Sélection de la langue


Recherche sur veterans.gc.ca

Irene Maria Armstrong

Mme Colleen Pidgeon, de l'administration centrale à Charlottetown, nous a fait parvenir l'histoire qui suit. Le texte traite du service militaire en temps de guerre et est tiré d'un essai rédigé par la mère de Mme Pidgeon, Irene Maria Armstrong, et intitulé « My Service Days During and After WW II » (Mon service militaire pendant et après la Seconde Guerre mondiale). Mme Armstrong a fait partie de la Division féminine de l'Aviation royale du Canada (ARC) pendant environ deux ans, soit de juin 1944 à août 1946.

« Lorsque j'avais 18 ans, au début de l'année 1944, je travaillais au ministère de la Marine et j'effectuais la correction des livres.
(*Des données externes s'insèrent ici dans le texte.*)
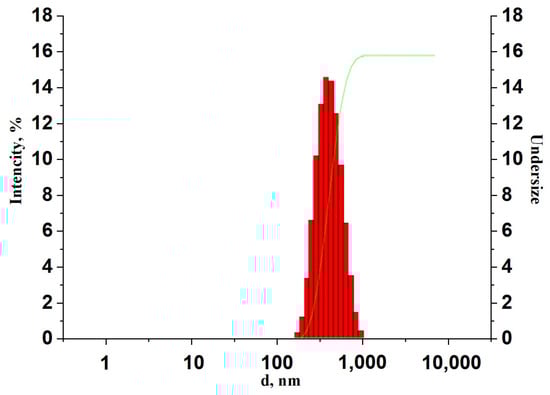 Titanium dioxide Ti-PureTM R-900 (The Chemours Company, Wilmington, DE, USA) with an average size distribution around 400 nm was used for compound preparation. The measurement of the size distribution was performed by dynamic light scattering in a Zetasizer Nano-ZS (Malvern Panalytical, Malvern, UK) analyzer at a scattering angle of 173°. The data were averaged over 10 separate measurements for each sample. The experiments were carried out for dilute suspensions at a concentration of 0.05 wt.%. The TiO2 size distribution diagram is shown in Figure 1.

J'avais décidé de joindre les rangs de la Division féminine de l'ARC. Après avoir rempli les formulaires d'usage et avoir passé l'examen médical au bureau de recrutement d'Ottawa, j'ai été assermentée. On m'a ensuite dit de me présenter au centre de recrutement de Rockcliffe le vendredi suivant. Je suis retournée à mon travail pour remettre ma démission. Mon directeur, qui avait été dans la Marine au cours de la Première Guerre mondiale, m'a dit : « Il est hors de question que vous nous quittiez pour joindre un service de débutants! C'est une trahison! »
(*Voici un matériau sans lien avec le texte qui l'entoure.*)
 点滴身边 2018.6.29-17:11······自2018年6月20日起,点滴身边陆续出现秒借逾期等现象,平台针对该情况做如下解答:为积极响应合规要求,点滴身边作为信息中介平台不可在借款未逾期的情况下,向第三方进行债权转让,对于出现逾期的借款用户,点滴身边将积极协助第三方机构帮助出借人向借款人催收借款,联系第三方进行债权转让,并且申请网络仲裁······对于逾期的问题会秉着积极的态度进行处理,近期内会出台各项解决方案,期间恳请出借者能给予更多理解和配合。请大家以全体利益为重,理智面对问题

Je suis donc retournée au bureau de recrutement et j'ai fait le récit de mes malheurs. « Un instant! Vous avez un chapeau? » m'a alors demandé l'officier responsable. Il voulait m'amener sur la Colline du Parlement et, à cette époque, une femme ne pouvait entrer dans les édifices du Parlement si elle ne portait pas de chapeau. Je n'avais qu'un mouchoir agencé à ma robe, mais l'officier m'a dit que cela ferait l'affaire. Nous nous sommes donc rendus sur la Colline du Parlement et il m'a demandé pour quel parti mon père avait voté. Comme je ne savais pas à quel parti mon père avait accordé son vote et que j'étais moi-même trop jeune pour voter, nous sommes donc allés rencontrer le député de l'officier de recrutement. Pendant que j'attendais dans le bureau de la secrétaire, l'officier racontait mon histoire au député. Ce dernier m'a ensuite invitée à entrer dans son bureau et m'a demandé : « Est-ce que le directeur vous a accusée de trahison parce que vous vous étiez engagée? » J'ai répondu que c'était le cas et il m'a dit : « Et bien, c'est ce que nous allons voir! Pour l'instant, rentrez chez vous. Donnez-moi votre numéro de téléphone et je vous téléphonerai d'ici 15 h. » Fidèle à sa parole, il m'a téléphoné et m'a transmis ses « instructions » : « Prenez l'après-midi de congé et remettez votre démission dans sept jours. Ne discutez pas avec votre directeur et si une prise de bec survient, téléphonez-moi. » Il se demandait si je faisais bien de joindre les rangs. J'abandonnais mon travail au gouvernement et un salaire de 56 $ par mois pour une chambre et pension, un uniforme et 0,90 $ par jour pour devenir un membre de la DF de l'ARC.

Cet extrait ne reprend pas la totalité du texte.